▶ _Exercise instructions_:
What you return should be the full listing, copied exactly and stripped of its pictures.

▶ _Data excerpt_:
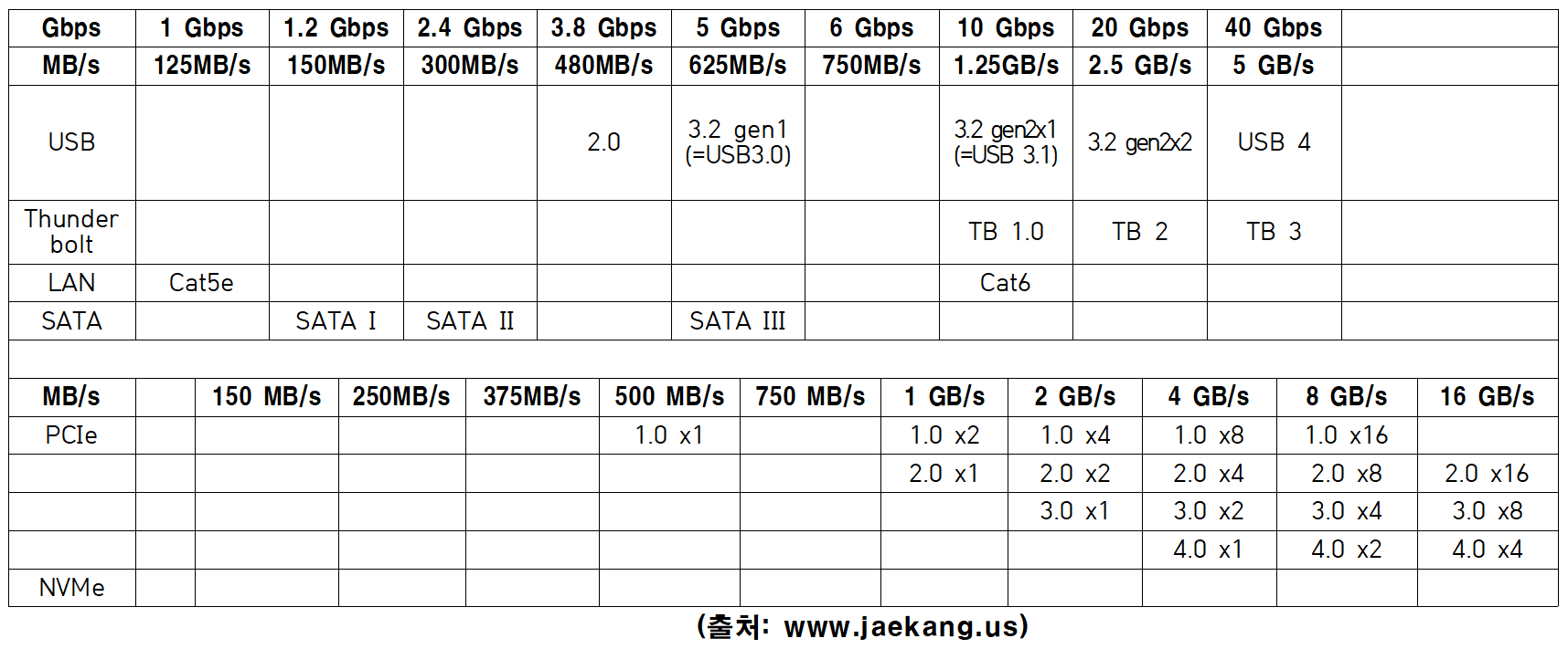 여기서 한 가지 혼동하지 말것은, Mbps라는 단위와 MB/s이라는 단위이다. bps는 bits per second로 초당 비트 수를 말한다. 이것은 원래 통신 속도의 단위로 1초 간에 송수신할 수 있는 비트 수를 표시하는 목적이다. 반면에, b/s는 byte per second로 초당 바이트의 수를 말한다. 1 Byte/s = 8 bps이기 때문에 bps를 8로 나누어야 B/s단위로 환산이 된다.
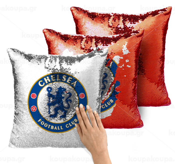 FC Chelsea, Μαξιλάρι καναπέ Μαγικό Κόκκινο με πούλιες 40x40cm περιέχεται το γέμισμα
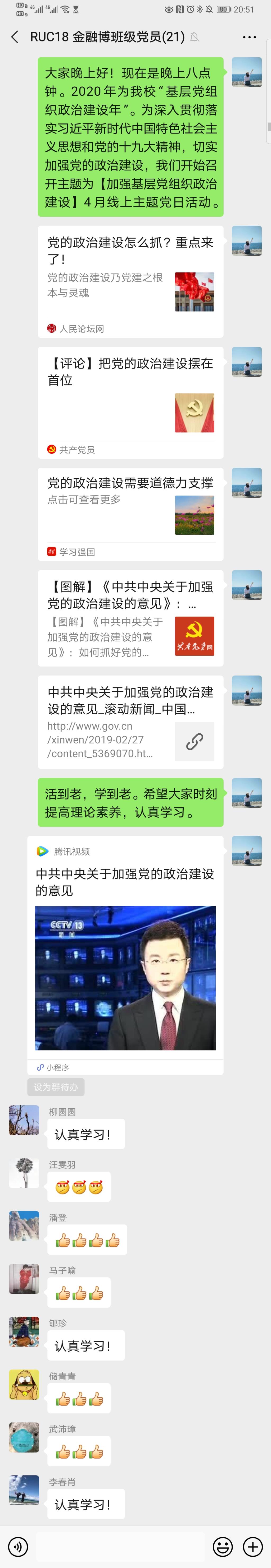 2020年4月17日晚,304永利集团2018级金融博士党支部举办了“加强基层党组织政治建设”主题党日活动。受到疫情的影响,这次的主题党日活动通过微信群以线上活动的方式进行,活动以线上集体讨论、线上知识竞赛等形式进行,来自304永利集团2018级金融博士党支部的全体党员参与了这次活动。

▶ _Result of this exercise_:
 여기서 한 가지 혼동하지 말것은, Mbps라는 단위와 MB/s이라는 단위이다. bps는 bits per second로 초당 비트 수를 말한다. 이것은 원래 통신 속도의 단위로 1초 간에 송수신할 수 있는 비트 수를 표시하는 목적이다. 반면에, b/s는 byte per second로 초당 바이트의 수를 말한다. 1 Byte/s = 8 bps이기 때문에 bps를 8로 나누어야 B/s단위로 환산이 된다.
 FC Chelsea, Μαξιλάρι καναπέ Μαγικό Κόκκινο με πούλιες 40x40cm περιέχεται το γέμισμα
 2020年4月17日晚,304永利集团2018级金融博士党支部举办了“加强基层党组织政治建设”主题党日活动。受到疫情的影响,这次的主题党日活动通过微信群以线上活动的方式进行,活动以线上集体讨论、线上知识竞赛等形式进行,来自304永利集团2018级金融博士党支部的全体党员参与了这次活动。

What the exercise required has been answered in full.